**Directions for this task:** Pictures are not part of the copy. Write out exactly the lines from the line with "圖為付村村報(bào)與《付村居民文明基金管理辦法》" through the end of the entries below.

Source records
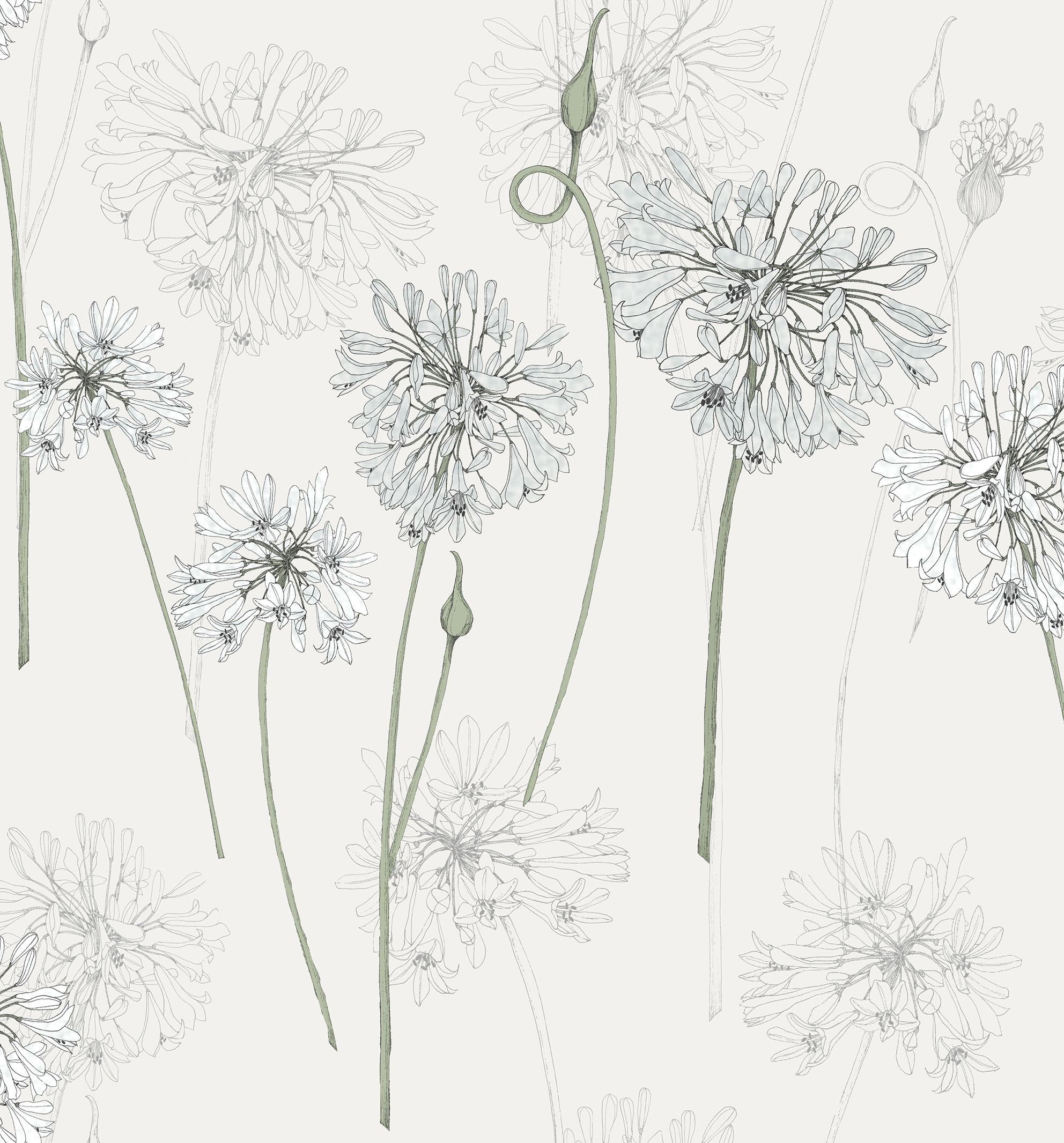 YUNNAN - Big bold Agapanthus flora is all that is required to make this design a stunning addition to the collection, and to any interior wall. Inspired by the mythical world of Shangri-La; this collection brings to life the lost world by way of floral metaphors that would have adorned the valleys and surrounding peaks of its snowy mountains.
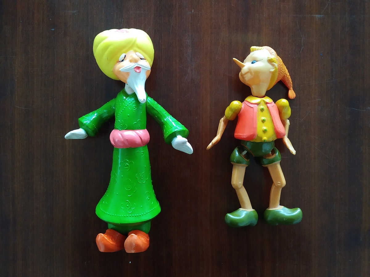 Большинство игрушек в нашей "Студии" 70-х и 80-х годов. По нашей теории, до того игрушек было мало, и их передавали дальше, другим детям. Ну а после 80-х, наоборот, игрушек стало слишком много, и их перестали ценить и хранить. Но иногда в наш "Дом престарелых" попадают и более ранние экземпляры. Эти Хоттабыч и Буратино из целлулоида, и вероятно, сделаны в 50-х или 60-х годах. И что самое приятное, они оба полностью комплектные, и даже растянутые резинки - оригинал. Оба сказочных персонажа уже на полках и радуют гостей!
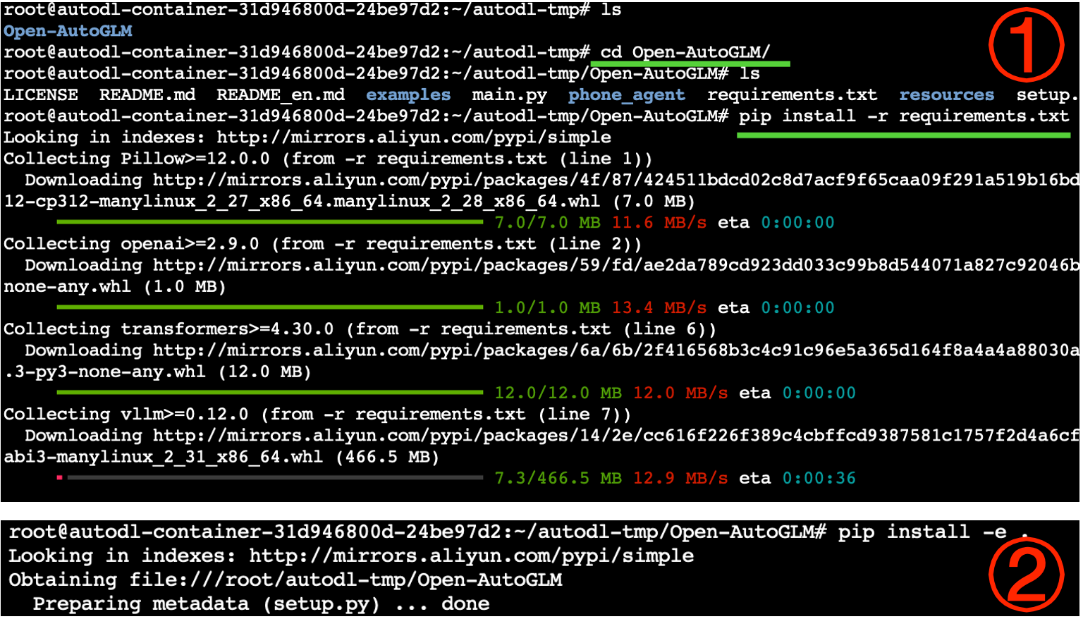 pip config set global.index-url https://pypi.tuna.tsinghua.edu.cn/simple cd Open-AutoGLM以此执行安装脚本。这个过程需要一段时间。如果有失败,可以重复执行脚本。
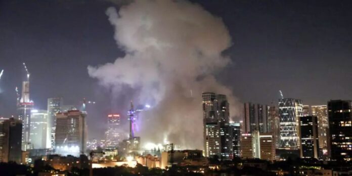 Les alarmes incendies. Les alarmes de voitures. Leurs feux qui clignotent. Des débris, des branches, du verre au sol. La fumée. Les gyrophares de la police, des secours. Les soldats déployés autour de la Kirya, principale base de l’armée israélienne à Tel-Aviv, qui abrite le siège du ministère de la Défense. Le quartier est bouclé. Difficile de dire si le site militaire interdit d’accès a été atteint.
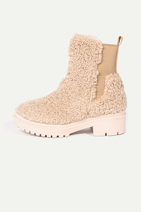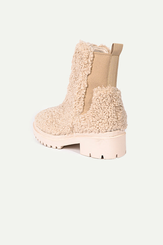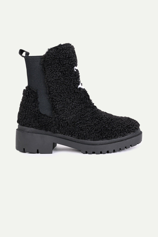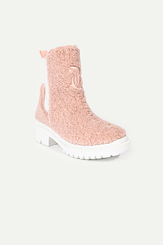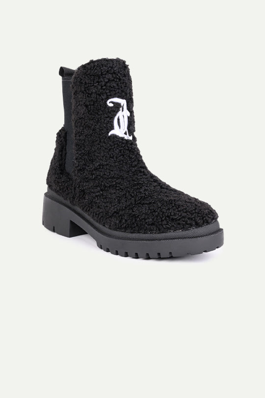 מגפוני עקב עם פרווה סינטטית ושילוב לוגו ראשי תיבות רקום בגפה החזיתית.
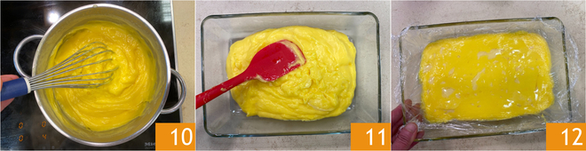 Llevad a ebullición a fuego medio-bajo removiendo continuamente, hasta obtener una textura espesa y sin grumos 10. Pasad la crema a un recipiente bajo y ancho 11, cubrid con film transparente en contacto con la superficie 12 y dejad templar a temperatura ambiente. Refrigerad para que cuaje al menos 3 horas.
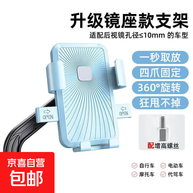 【京东包邮】电动车摩托车可旋转手机支架导航神器外卖骑手车载便携防震装备 天空蓝【重力感应/升级镜座款】
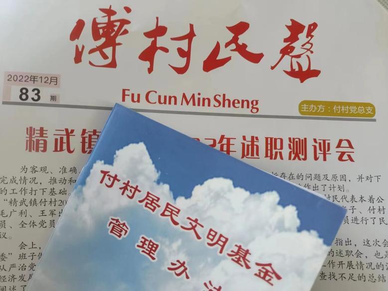 圖為付村村報(bào)與《付村居民文明基金管理辦法》
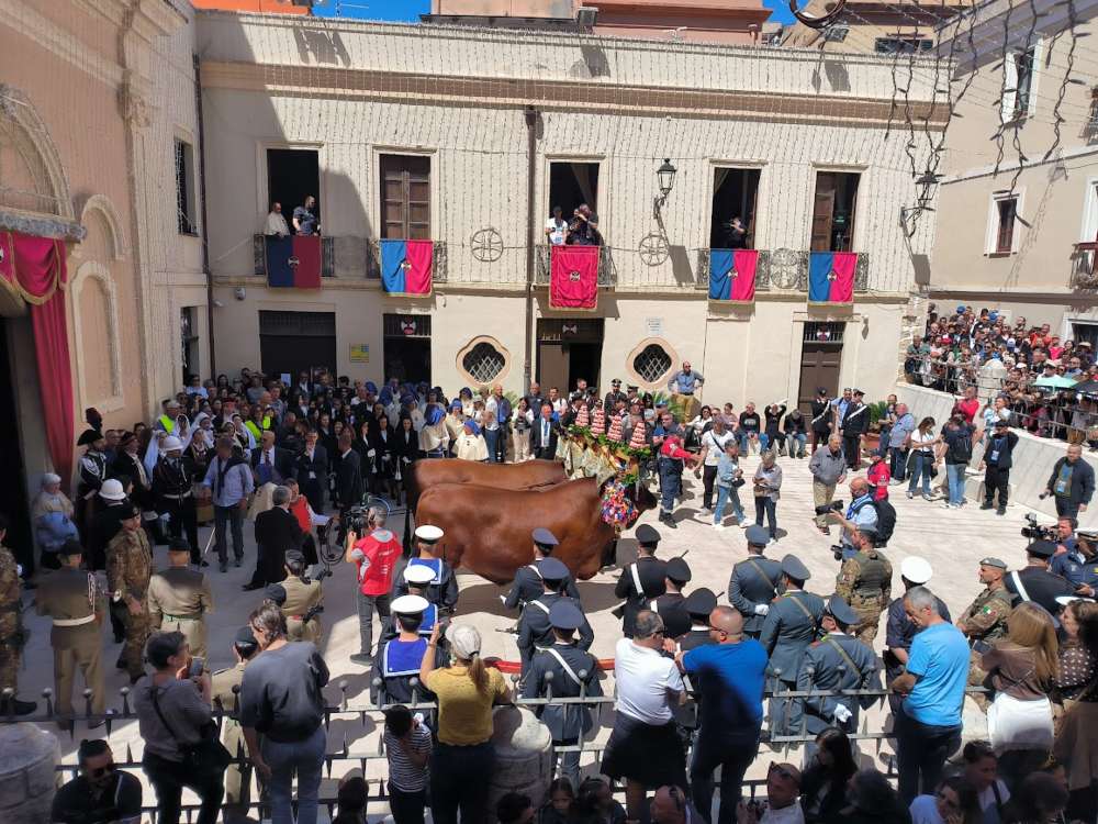 Alle prime luci dell’alba, la chiesetta di Stampace è stata avvolta da un’atmosfera solenne. La prima messa si è svolta prestissimo, seguita da un gran numero di fedeli. La manovra di aggiogamento dei possenti buoi è avvenuta nella piazzetta antistante la chiesa. Poi, a fine mattinata dopo il doveroso saluto militare, avvolto dal profumo delle erbe aromatiche lanciate dai balconi decorati con drappi di velluto rosso, il cocchio contenente il simulacro di Sant’Efisio si è lentamente fatto largo nella stretta via, per iniziare il consueto programma.

**Result for this task:**
 圖為付村村報(bào)與《付村居民文明基金管理辦法》
 Alle prime luci dell’alba, la chiesetta di Stampace è stata avvolta da un’atmosfera solenne. La prima messa si è svolta prestissimo, seguita da un gran numero di fedeli. La manovra di aggiogamento dei possenti buoi è avvenuta nella piazzetta antistante la chiesa. Poi, a fine mattinata dopo il doveroso saluto militare, avvolto dal profumo delle erbe aromatiche lanciate dai balconi decorati con drappi di velluto rosso, il cocchio contenente il simulacro di Sant’Efisio si è lentamente fatto largo nella stretta via, per iniziare il consueto programma.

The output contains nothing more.